In this study, we aim to address the challenge of lacking high-quality video-caption data for large video-language models (LVLMs) and text-to-video models (T2VMs). We develop ShareGPT4Video, a high-quality video-caption dataset, and ShareCaptioner-Video, an advanced and versatile model in the video-language multi-modal area. By employing a series of strategies and designs, we generate 40K detailed captions from advanced image multi-modal model, GPT4V, and 4.8M high-quality captions from our ShareCaptioner-Video. These captions include rich world knowledge, object attributes, camera movements, and detailed temporal descriptions of events. Our extensive experiments validate the effectiveness of our dataset and captioner in enhancing video understanding and generation tasks. We believe that ShareGPT4Video and ShareCaptioner-Video will serve as essential resources for advancing research in the LVLM and T2VM communities.

Appendix A Appendix

In the appendix, we provide more results and analysis and summarize them as follows:

•
In Section A.1, we detail the experimental setups.
•
In Section A.2, we talk about the prompt design philosophy and showcase the prompt for each stage.
•
In Section A.3, we present the template of our hierarchical prompt.
•
In Section A.4, we introduce the qualitative and quantitative comparison of the caption quality between our ShareCaptioner-Video and other methods.
•
In Section A.5, we present more statics of the ShareGPT4Video dataset.
•
In Section A.6, we provide the detailed pseudo code of semantic-based data filtering and semantic-aware key-frame extraction.
•
In Section A.7, we present the section of related work.

A.1 Experimental Details

Training details of ShareGPT4Video-8B.During training, we employ a batch size of 128 and the AdamW optimizer. We opt to fine-tune the entire model, setting the learning rate for the vision encoder at 2e-6, for the MLP projector at 2e-5, and for the LLM using LoRA [21], the learning rate is set at 2e-4. Such training strategy enables us to obtain an exceptional LVLM, ShareGPT4Video-8B, with 8 A100 GPUs in about 5 hours.

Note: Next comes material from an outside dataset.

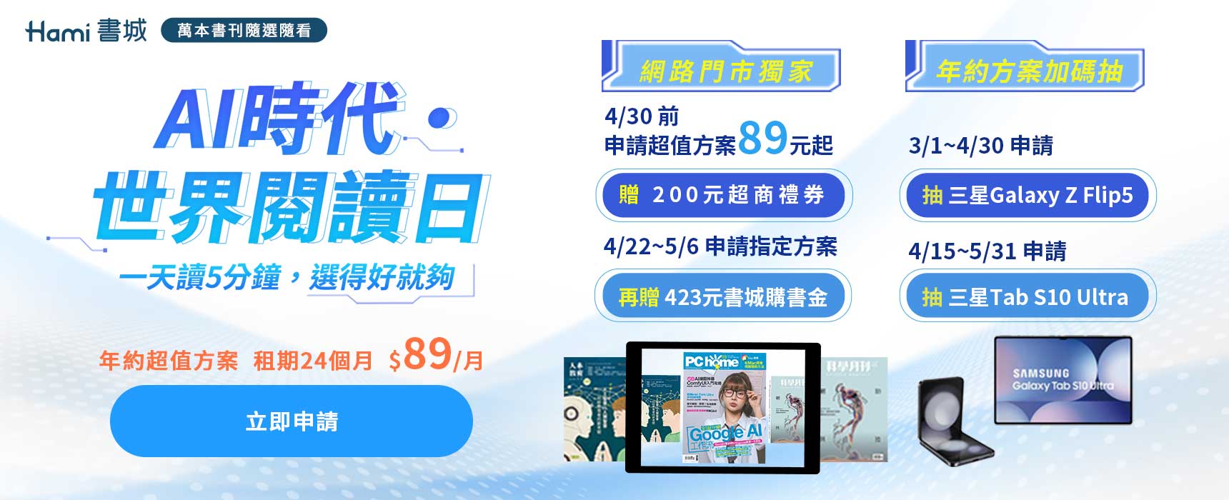 - 全通路抽三星 Tab S10 Ultra活動:115/04/15起至115/05/31,申請Hami書城月讀包任一付費年約方案,即享有抽三星平板Tab S10 Ultra(1名),Hami書城將於115/6/20(六)前Hami書城官網公布得獎名單並以簡訊通知得獎者。

Implementation details for T2VMs. We utilize the Latte-XL [41] model with pre-trained weights and a text encoder from T5-XXL [51]. In the first stage, we perform pretraining on a lower number of frames and enable joint image-video training, with the image batch size being four times that of the video. This stage involved 50k training steps. In the second stage, both the video and image batch sizes were reduced to 2. For all training stages, we used AdamW optimizer with a constant learning rate of 2e-5, and the resolution for both images and videos was set to 512×512. For training precision, we used Bf16 since fp16 led to loss becoming NaN. The first stage requires around 6K H100 GPU hours, and the second stage requires around 36K Ascend GPU hours.

A.2 Hierarchical Prompt Design.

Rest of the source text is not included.